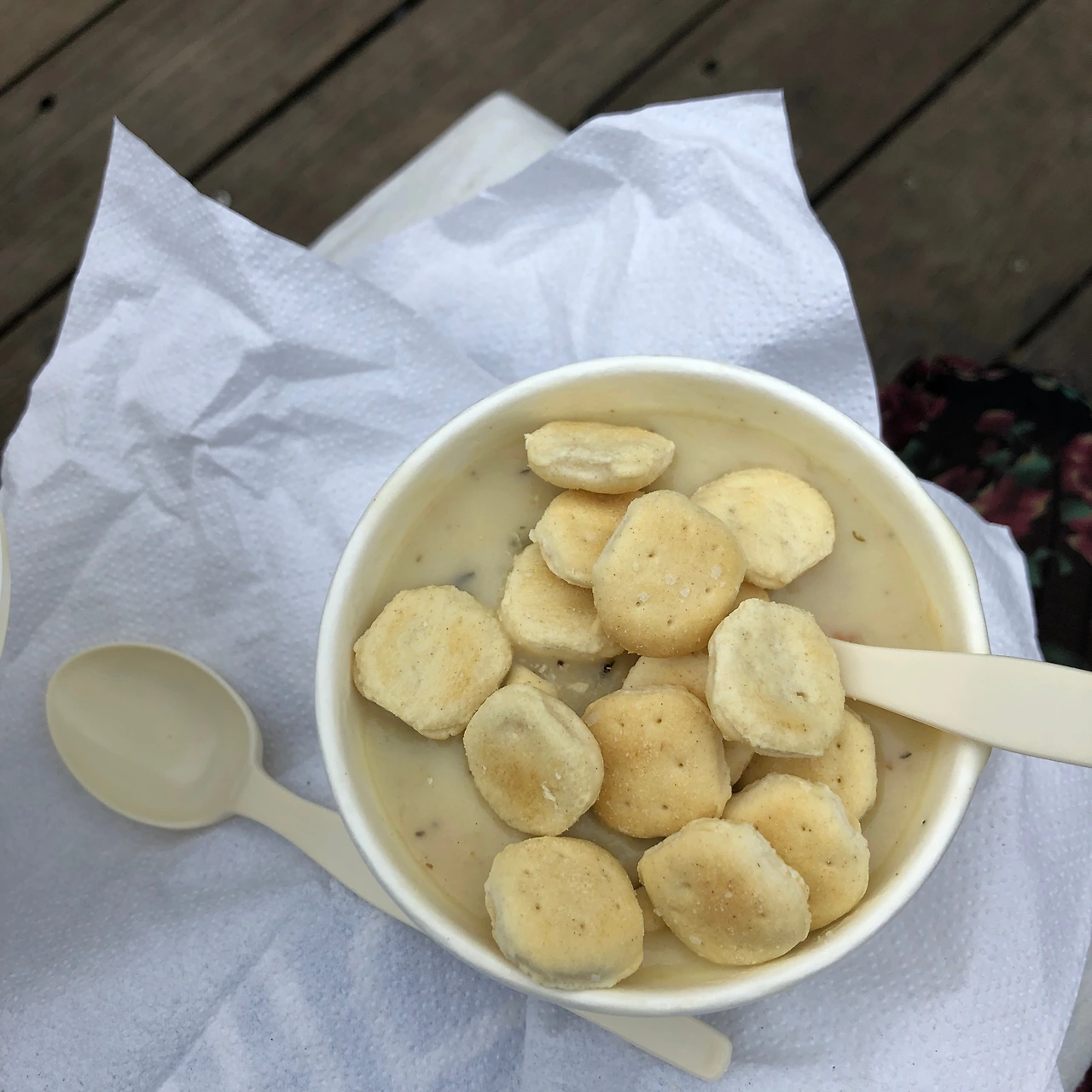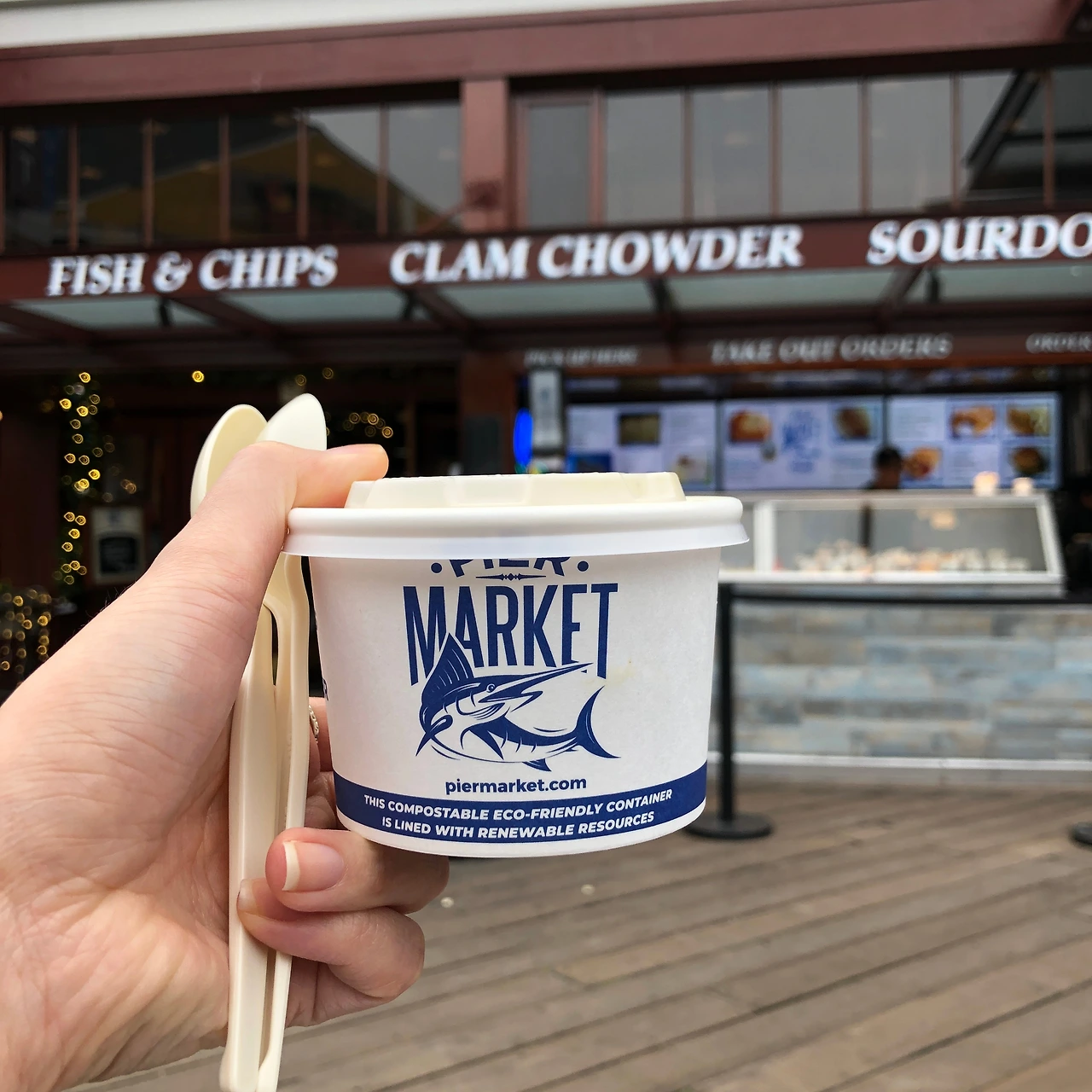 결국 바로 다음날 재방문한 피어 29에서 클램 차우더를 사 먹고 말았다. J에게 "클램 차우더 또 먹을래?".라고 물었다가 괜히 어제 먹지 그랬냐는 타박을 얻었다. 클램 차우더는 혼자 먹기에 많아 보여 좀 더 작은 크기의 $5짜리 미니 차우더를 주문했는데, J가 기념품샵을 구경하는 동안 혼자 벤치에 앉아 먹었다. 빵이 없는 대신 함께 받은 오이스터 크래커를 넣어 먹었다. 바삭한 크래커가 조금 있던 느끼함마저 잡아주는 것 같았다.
---
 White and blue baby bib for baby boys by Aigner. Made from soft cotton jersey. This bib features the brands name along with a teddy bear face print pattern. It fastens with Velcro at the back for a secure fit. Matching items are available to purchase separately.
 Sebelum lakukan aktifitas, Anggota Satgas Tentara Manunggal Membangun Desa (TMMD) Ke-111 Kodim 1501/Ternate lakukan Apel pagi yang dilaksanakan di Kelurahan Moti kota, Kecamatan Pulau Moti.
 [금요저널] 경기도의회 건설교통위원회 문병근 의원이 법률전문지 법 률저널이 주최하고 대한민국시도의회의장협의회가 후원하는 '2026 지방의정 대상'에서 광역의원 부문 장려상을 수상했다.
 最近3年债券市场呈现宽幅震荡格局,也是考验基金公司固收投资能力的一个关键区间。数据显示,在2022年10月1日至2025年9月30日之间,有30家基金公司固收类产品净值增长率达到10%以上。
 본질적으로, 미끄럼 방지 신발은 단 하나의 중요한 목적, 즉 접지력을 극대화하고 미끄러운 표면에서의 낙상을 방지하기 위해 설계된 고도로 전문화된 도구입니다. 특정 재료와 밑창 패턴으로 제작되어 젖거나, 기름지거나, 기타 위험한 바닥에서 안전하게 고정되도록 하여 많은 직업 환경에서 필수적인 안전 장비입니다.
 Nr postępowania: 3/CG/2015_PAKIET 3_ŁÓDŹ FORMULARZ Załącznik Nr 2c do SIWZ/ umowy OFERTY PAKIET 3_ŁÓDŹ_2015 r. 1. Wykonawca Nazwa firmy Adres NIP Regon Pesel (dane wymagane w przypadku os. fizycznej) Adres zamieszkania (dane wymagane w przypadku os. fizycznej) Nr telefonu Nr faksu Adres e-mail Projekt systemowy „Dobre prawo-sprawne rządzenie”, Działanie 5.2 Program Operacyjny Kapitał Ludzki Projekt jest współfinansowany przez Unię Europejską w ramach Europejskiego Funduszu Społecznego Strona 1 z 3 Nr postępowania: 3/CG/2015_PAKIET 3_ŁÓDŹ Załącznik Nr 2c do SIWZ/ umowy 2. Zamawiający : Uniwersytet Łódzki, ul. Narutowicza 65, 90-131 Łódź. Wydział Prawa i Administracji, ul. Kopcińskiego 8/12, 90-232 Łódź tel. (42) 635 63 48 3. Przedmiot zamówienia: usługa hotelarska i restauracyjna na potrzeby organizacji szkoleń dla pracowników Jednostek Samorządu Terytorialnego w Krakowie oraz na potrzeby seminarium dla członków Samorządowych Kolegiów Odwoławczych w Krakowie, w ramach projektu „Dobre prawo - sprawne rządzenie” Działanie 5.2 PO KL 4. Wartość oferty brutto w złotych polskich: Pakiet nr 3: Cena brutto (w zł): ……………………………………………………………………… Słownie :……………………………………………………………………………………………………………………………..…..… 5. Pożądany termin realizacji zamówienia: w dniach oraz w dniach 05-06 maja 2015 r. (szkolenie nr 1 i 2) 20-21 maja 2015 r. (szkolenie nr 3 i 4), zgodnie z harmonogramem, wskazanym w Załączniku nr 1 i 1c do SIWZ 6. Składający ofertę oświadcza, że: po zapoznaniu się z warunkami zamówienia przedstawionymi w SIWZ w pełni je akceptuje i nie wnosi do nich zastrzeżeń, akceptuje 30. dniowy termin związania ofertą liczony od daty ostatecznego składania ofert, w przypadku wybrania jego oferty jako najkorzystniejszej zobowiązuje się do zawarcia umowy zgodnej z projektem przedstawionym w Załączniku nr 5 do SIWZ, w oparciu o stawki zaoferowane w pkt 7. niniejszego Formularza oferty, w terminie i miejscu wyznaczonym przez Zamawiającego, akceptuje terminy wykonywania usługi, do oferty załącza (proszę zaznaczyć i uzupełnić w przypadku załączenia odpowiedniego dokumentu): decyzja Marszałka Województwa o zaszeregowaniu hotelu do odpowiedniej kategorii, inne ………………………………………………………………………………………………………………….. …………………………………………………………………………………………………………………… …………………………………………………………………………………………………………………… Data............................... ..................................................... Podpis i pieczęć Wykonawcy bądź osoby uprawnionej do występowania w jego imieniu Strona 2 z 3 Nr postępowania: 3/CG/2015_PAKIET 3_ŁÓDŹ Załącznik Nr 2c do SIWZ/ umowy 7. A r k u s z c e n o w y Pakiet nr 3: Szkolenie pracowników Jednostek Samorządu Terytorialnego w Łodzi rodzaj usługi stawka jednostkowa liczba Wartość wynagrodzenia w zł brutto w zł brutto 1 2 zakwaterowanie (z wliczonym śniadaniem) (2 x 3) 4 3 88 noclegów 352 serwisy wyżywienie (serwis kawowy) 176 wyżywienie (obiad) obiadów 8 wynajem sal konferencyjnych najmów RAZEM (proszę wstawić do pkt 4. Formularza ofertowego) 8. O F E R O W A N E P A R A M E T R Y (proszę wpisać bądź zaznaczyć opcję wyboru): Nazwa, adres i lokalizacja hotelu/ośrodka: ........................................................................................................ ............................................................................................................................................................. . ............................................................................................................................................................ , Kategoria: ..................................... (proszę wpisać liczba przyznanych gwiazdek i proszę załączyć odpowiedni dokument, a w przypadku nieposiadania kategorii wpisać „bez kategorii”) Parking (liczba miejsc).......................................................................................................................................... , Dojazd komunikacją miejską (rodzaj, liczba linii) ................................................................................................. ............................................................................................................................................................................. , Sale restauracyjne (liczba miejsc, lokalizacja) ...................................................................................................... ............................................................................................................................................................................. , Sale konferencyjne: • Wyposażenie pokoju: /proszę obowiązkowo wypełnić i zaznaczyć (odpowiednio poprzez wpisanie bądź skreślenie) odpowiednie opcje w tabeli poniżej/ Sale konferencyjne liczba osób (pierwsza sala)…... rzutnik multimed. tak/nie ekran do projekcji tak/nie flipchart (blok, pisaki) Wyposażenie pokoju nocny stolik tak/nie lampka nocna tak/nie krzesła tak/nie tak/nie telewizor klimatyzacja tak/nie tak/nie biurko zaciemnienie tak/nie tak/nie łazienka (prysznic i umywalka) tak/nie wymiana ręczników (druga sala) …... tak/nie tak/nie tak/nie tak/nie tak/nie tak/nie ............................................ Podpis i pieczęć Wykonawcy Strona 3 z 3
==
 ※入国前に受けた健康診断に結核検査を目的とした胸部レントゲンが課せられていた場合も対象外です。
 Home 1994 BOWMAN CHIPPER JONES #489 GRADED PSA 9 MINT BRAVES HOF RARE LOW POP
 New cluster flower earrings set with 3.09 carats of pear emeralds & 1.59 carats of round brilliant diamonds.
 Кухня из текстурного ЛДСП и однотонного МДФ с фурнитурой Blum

* _Assignment_
Would you copy each line of the records that contains "with"?

* _Response to the task_
 White and blue baby bib for baby boys by Aigner. Made from soft cotton jersey. This bib features the brands name along with a teddy bear face print pattern. It fastens with Velcro at the back for a secure fit. Matching items are available to purchase separately.
 New cluster flower earrings set with 3.09 carats of pear emeralds & 1.59 carats of round brilliant diamonds.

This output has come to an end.